Advanced practitioners also monitor the redox potential of the sediment beneath the barriers. Prolonged coverage can lead to anaerobic conditions, which may cause the release of legacy phosphorus from the sediment. While this helps kill the milfoil, it can inadvertently fuel algal blooms once the mats are removed. Maintaining a 60-day limit on coverage helps mitigate this risk by allowing the sediment to re-oxygenate between treatment cycles.

Case Scenario: Shoreline Management Calculation

Consider a 100-foot residential shoreline with a 30-foot littoral zone heavily infested with M. spicatum (3,000 total square feet). A homeowner using manual raking will likely spend 10 hours per month on maintenance, creating approximately 50,000 viable fragments per season based on average stem density metrics. The re-growth rate will necessitate monthly intervention.

Alternatively, using a set of five 10×15 foot benthic barriers (750 square feet total) allows the owner to treat 25% of the area every 45 days. By rotating the mats twice during the season, 50% of the shoreline is effectively sterilized for the following year. Total labor includes 4 hours for initial setup and 2 hours for each relocation. The result is a 95% reduction in local biomass with zero fragmentation risk to the rest of the lake.

The financial investment for this scenario includes approximately $500 in materials (geotextile, PVC, rebar). Given a 5-year lifespan, the cost is $100 per year. This is comparable to the cost of professional-grade rakes and disposal bags, but with significantly higher efficiency in preventing the spread of the infestation.

Final Thoughts

Eurasian Watermilfoil is a biological adversary that exploits traditional maintenance methods to its advantage. Manual raking, while seemingly productive, often catalyzes the fragmentation process that allows the plant to dominate an entire aquatic ecosystem. Transitioning to a strategy based on benthic barriers and suction harvesting addresses the root of the problem by eliminating light and removing the entire plant structure without breakage.

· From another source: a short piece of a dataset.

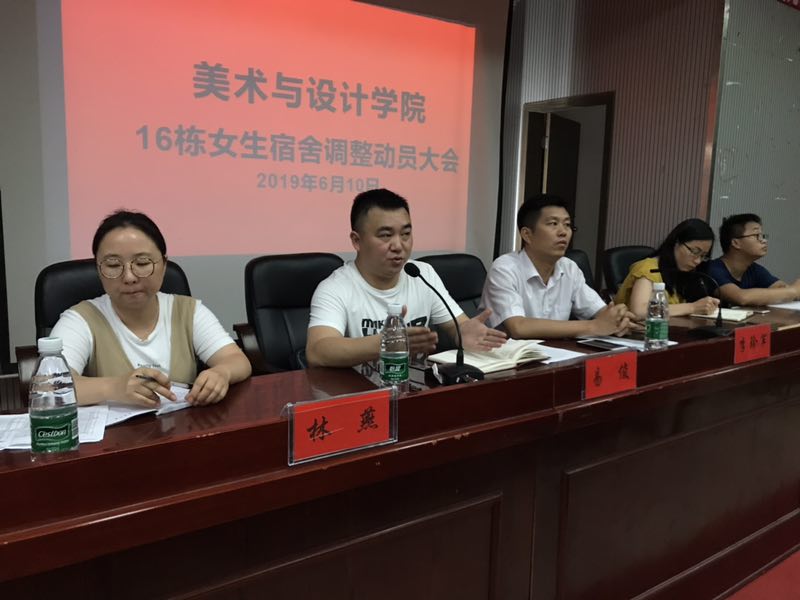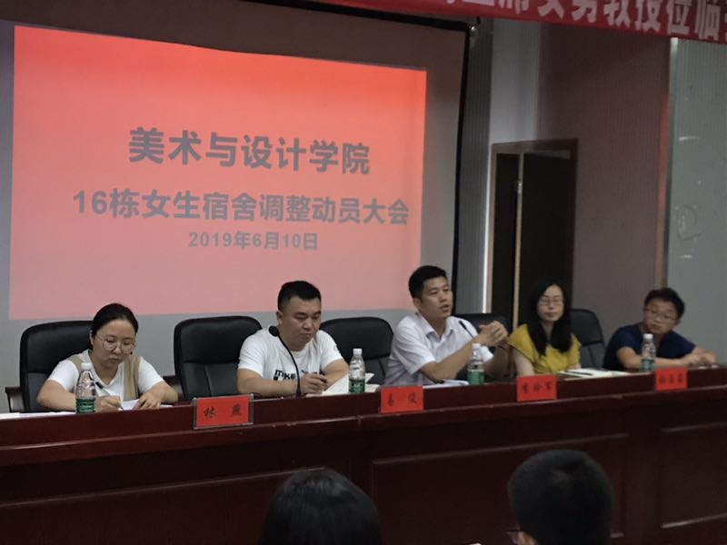 6月10日中午12时,美术与设计学院在逸美楼报告厅召开16栋女生宿舍调整动员大会。出席本次会议的有学工处李玲军副处长、美术与设计学院党总支易俊副书记、学工办主任张晶露老师、辅导员林燕老师、张尚老师。太阳成官网涉及16栋调整的所有学生党员、预备党员、入党积极分子、班干、学干、寝室长参加本次会议。

Success in lake management is measured by the reduction of viable propagules over time. By prioritizing localized eradication with barriers over superficial canopy removal with rakes, property owners can reclaim their waterfront while protecting the broader waterbody from further spread. Consistency in monitoring and a technical approach to installation are the only ways to win the battle against this highly adaptive invasive species.